Slaying New Dragons

IMG_5833We’re back in full school mode here, revolving our days around the tick of the academic clock. In my last post, I promised the details of my latest teaching venture, so here’s what’s going down for the current school year. After spending my entire professional teaching career teaching high school students, this year I’m splitting my time between high school and…

middle school.

Y’all, I am the most surprised among us about this most recent development. In truth, I did have some practicum experience with middle schoolers early on in my undergrad work, but do you know what this taught me about them?

Some of them bop around as a regular course of action. As in, they literally make bouncy motions all over the place.

For no reason at all.

Some of them regularly make sounds that don’t form into the words of any language I’ve ever heard.

For no reason at all.

Why would one do these things?

I really don’t know.

(Yes, I am aware that I am the blogger who, on more than one occasion, has confessed to doing something “just because I can” or “because it pleases me.” So it’s not lost on me that this might be a case of what goes around comes around.)

At any rate, this year I’m teaching seventh grade English as well as ninth grade English. And I will say, after a few days of working with the middle creatures (not, in most cases, to be confused with the creatures from Tolkien’s Middle-earth), they kind of rock I’m cautiously optimistic.

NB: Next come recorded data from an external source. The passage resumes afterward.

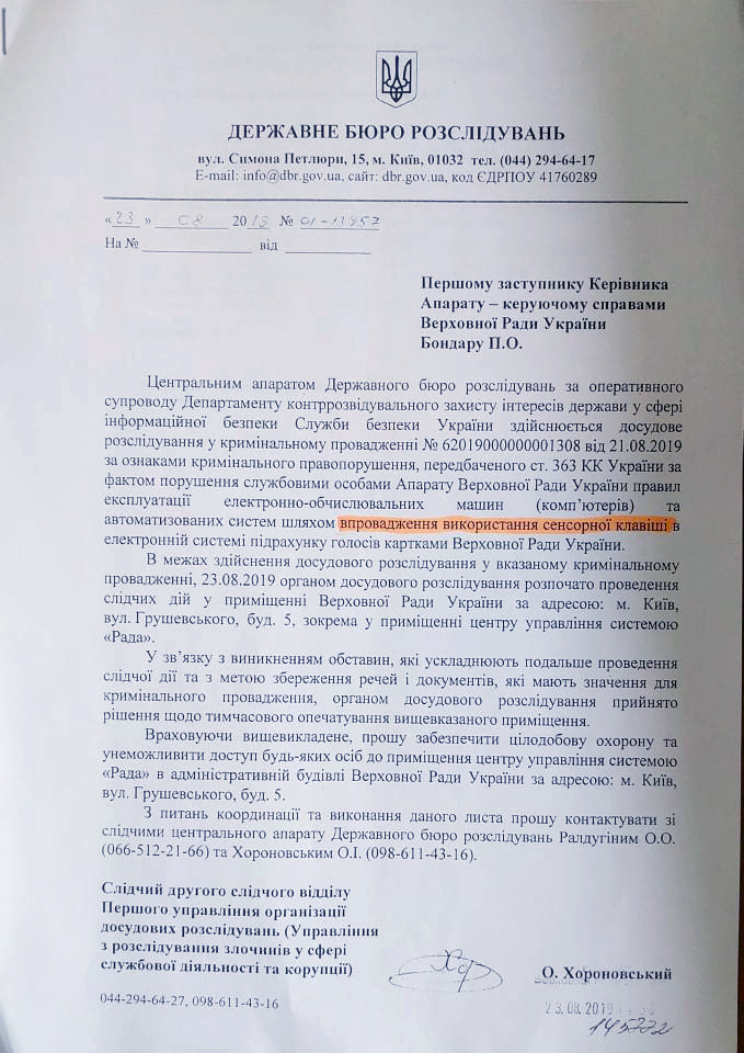Государственное бюро расследований опечатало центр управления системой голосования в Верховной раде. Об этом свидетельствует документ ГБР.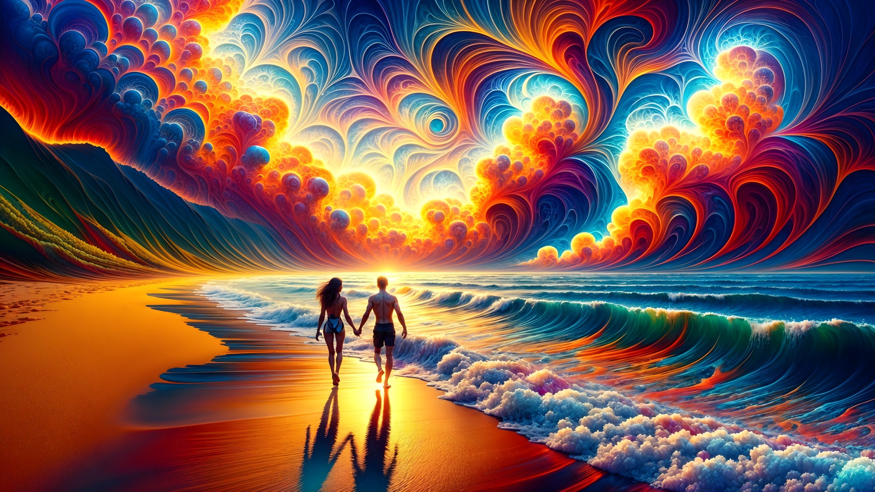 Flamme-hed og fragmenteret sol-op/ned-gang ved strandkanten: A Dreamlike Beach Escape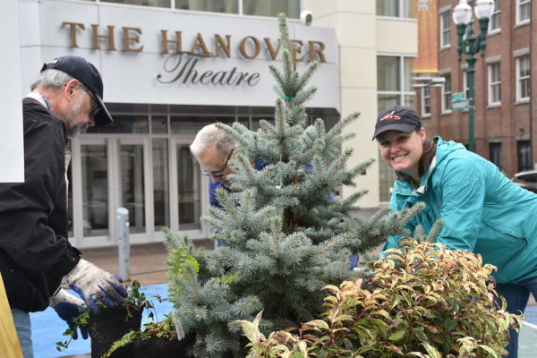 Hanover Theater, Worcester: Creating container garden space, THBG Horticulture Team and WTI team designed and planted lovely winter natives to enhance the Hanover Plaza. Maintained by Hanover volunteers, it adds a colorful inviting entrance to the theater space.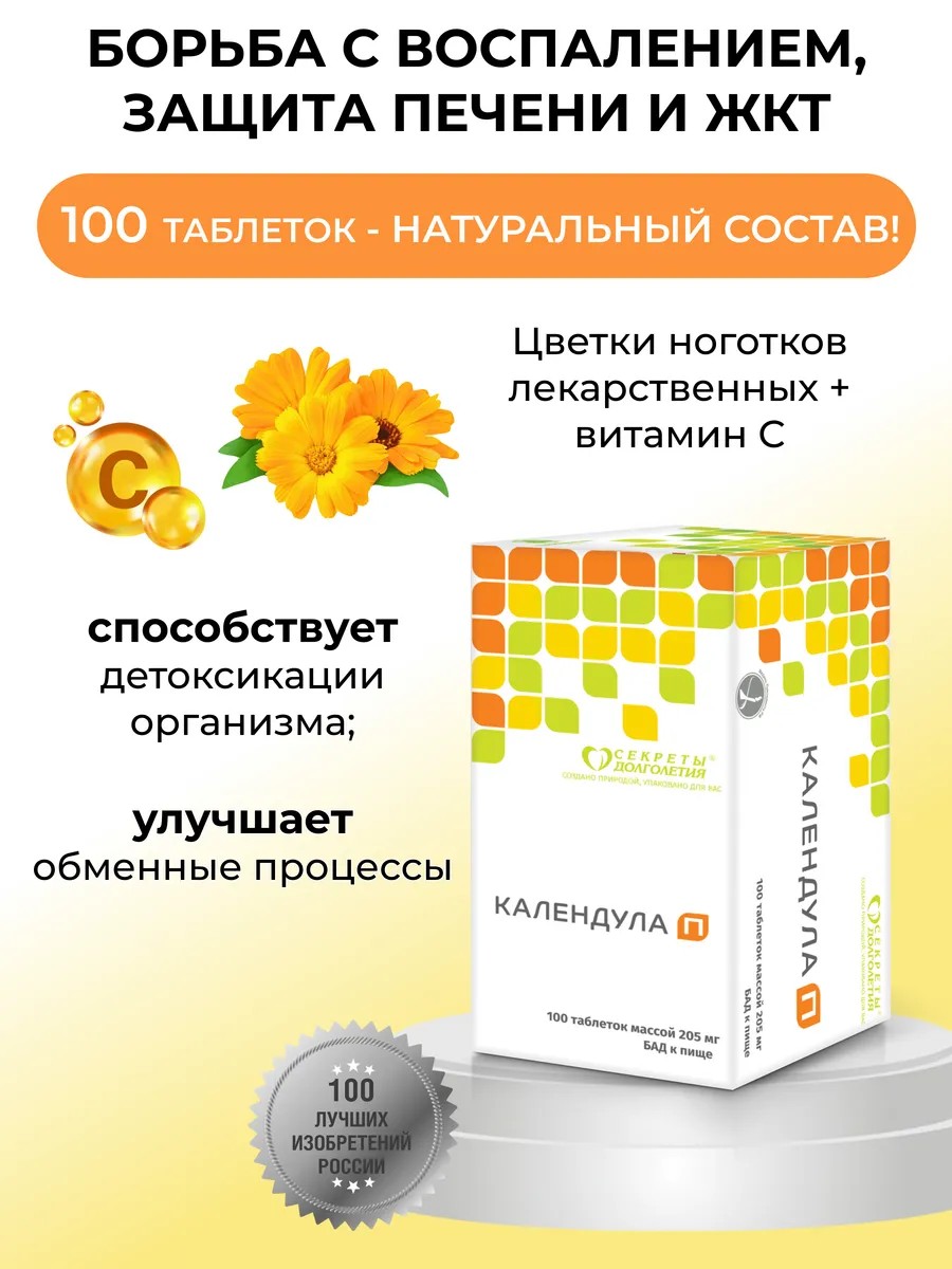 Календула П - это уникальный комплекс, содержащий витамин C, который способствуют укреплению иммунитета и защите органов, в том числе печени. Таблетки также содержат экстракт календулы, который известен своими антиоксидантными свойствами и способностью улучшать работу желудочно-кишечного тракта.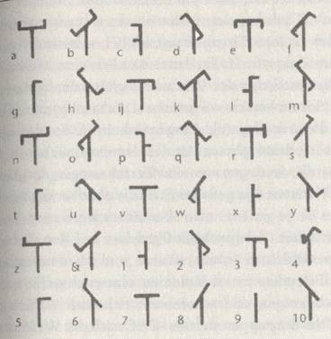 Semaphorenalphabet - typisch ist der winklige Aufbau

They’re already making me laugh, and none of them seem to be donning the gothic-looking garment of apathy found on some of their older counterparts. Plus, they do really fascinating things. The other day, for instance, I actually caught a student passing an old-fashioned note.

Y’all, after confiscating what turned out to be an innocuous message, I had the best flashbacks of my own middle school note-passing experiences. When I was in seventh grade myself, for instance, a note headed my way was intercepted by my teacher, who immediately began reading it aloud before fully comprehending its message: the note’s author was breaking up with me. Not to worry, however: I’d only gone out with him in the first place because of peer pressure, and the relationship had soured when I started suspecting that he wasn’t bathing regularly. Even better, my awesome best friend piped up right away and pointed out both the redundancy and the hilarity of the note, since I had, in fact, already broken up with the note’s author two weeks prior. In retrospect, communication issues may have also led to the relationship’s demise. After all, the communication/hygiene failure combo is a one-two punch few relationships can survive.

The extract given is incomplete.